---- INFORMATION PROVIDED
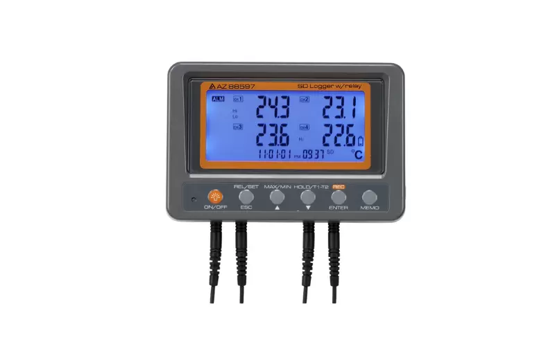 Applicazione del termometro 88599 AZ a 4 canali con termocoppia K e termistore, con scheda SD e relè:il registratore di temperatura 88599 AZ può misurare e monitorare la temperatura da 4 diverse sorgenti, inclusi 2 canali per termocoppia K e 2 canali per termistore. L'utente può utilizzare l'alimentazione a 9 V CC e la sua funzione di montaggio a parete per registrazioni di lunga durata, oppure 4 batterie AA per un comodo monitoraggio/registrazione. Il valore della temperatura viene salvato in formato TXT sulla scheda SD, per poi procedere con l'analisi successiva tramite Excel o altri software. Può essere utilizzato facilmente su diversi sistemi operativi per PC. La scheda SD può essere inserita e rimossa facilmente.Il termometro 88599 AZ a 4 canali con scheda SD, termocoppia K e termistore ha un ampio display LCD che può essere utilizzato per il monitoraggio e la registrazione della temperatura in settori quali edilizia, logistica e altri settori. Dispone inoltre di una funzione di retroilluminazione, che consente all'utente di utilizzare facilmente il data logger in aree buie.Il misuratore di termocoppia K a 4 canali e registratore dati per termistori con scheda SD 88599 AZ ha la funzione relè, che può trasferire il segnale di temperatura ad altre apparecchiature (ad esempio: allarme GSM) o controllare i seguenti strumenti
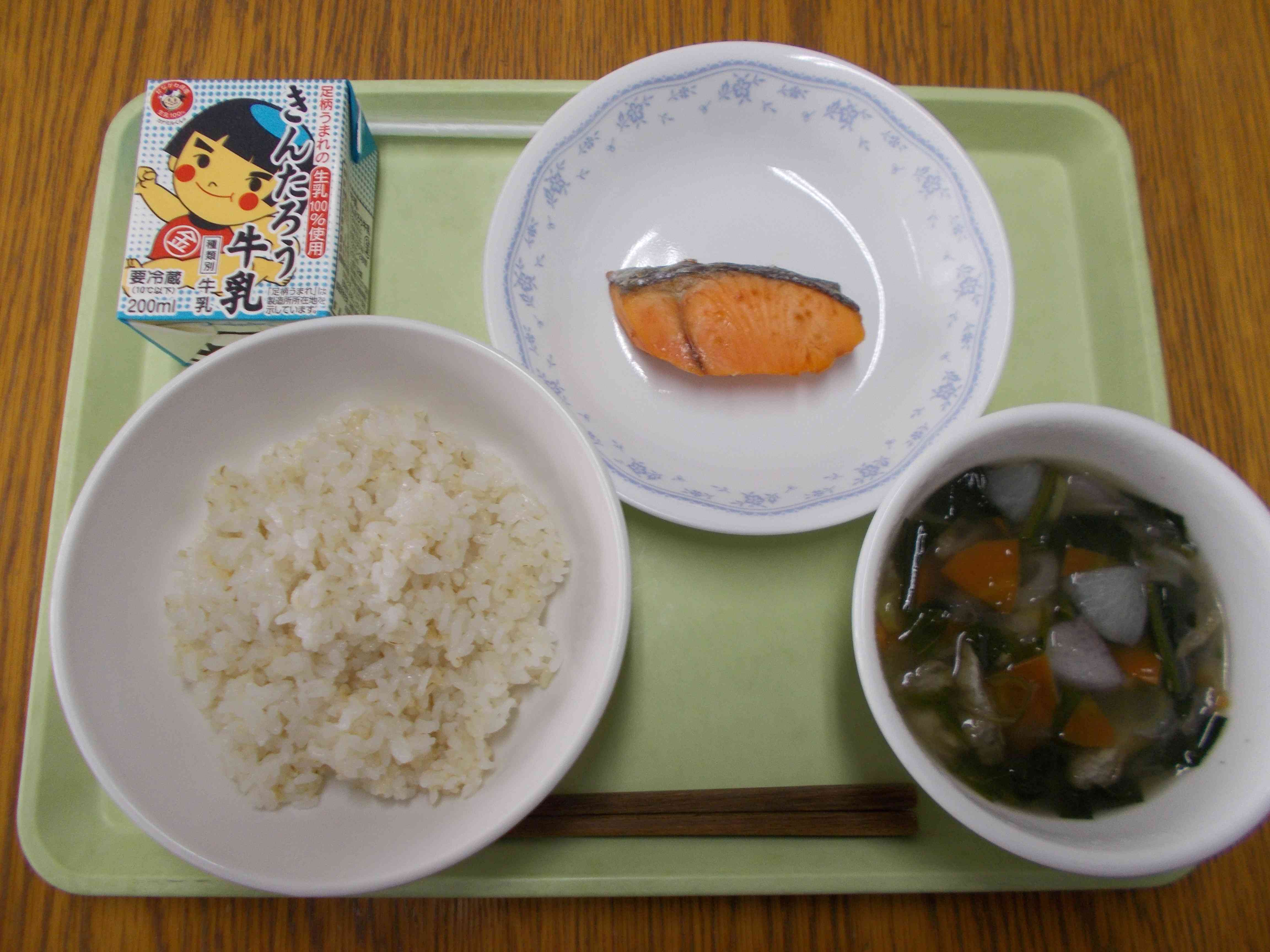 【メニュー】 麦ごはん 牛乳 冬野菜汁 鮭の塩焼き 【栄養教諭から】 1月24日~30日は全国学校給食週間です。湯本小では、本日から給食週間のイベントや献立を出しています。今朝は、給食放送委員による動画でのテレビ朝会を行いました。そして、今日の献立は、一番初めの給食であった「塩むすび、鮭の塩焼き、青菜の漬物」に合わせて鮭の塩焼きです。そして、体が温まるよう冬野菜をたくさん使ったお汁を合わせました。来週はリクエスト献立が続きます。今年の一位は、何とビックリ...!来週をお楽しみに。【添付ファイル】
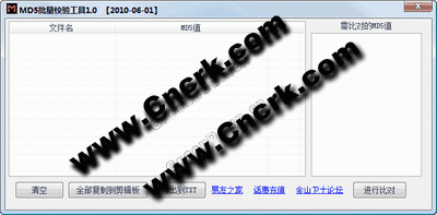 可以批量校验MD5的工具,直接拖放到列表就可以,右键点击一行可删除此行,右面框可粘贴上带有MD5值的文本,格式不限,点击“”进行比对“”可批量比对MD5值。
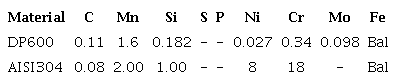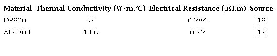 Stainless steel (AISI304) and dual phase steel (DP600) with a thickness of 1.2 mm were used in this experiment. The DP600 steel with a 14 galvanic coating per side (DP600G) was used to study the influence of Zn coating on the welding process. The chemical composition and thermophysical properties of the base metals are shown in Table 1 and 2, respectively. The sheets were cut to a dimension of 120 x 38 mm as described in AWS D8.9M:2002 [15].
--------
Print the material word for word without images.

 Applicazione del termometro 88599 AZ a 4 canali con termocoppia K e termistore, con scheda SD e relè:il registratore di temperatura 88599 AZ può misurare e monitorare la temperatura da 4 diverse sorgenti, inclusi 2 canali per termocoppia K e 2 canali per termistore. L'utente può utilizzare l'alimentazione a 9 V CC e la sua funzione di montaggio a parete per registrazioni di lunga durata, oppure 4 batterie AA per un comodo monitoraggio/registrazione. Il valore della temperatura viene salvato in formato TXT sulla scheda SD, per poi procedere con l'analisi successiva tramite Excel o altri software. Può essere utilizzato facilmente su diversi sistemi operativi per PC. La scheda SD può essere inserita e rimossa facilmente.Il termometro 88599 AZ a 4 canali con scheda SD, termocoppia K e termistore ha un ampio display LCD che può essere utilizzato per il monitoraggio e la registrazione della temperatura in settori quali edilizia, logistica e altri settori. Dispone inoltre di una funzione di retroilluminazione, che consente all'utente di utilizzare facilmente il data logger in aree buie.Il misuratore di termocoppia K a 4 canali e registratore dati per termistori con scheda SD 88599 AZ ha la funzione relè, che può trasferire il segnale di temperatura ad altre apparecchiature (ad esempio: allarme GSM) o controllare i seguenti strumenti
 【メニュー】 麦ごはん 牛乳 冬野菜汁 鮭の塩焼き 【栄養教諭から】 1月24日~30日は全国学校給食週間です。湯本小では、本日から給食週間のイベントや献立を出しています。今朝は、給食放送委員による動画でのテレビ朝会を行いました。そして、今日の献立は、一番初めの給食であった「塩むすび、鮭の塩焼き、青菜の漬物」に合わせて鮭の塩焼きです。そして、体が温まるよう冬野菜をたくさん使ったお汁を合わせました。来週はリクエスト献立が続きます。今年の一位は、何とビックリ...!来週をお楽しみに。【添付ファイル】
 可以批量校验MD5的工具,直接拖放到列表就可以,右键点击一行可删除此行,右面框可粘贴上带有MD5值的文本,格式不限,点击“”进行比对“”可批量比对MD5值。
 Stainless steel (AISI304) and dual phase steel (DP600) with a thickness of 1.2 mm were used in this experiment. The DP600 steel with a 14 galvanic coating per side (DP600G) was used to study the influence of Zn coating on the welding process. The chemical composition and thermophysical properties of the base metals are shown in Table 1 and 2, respectively. The sheets were cut to a dimension of 120 x 38 mm as described in AWS D8.9M:2002 [15].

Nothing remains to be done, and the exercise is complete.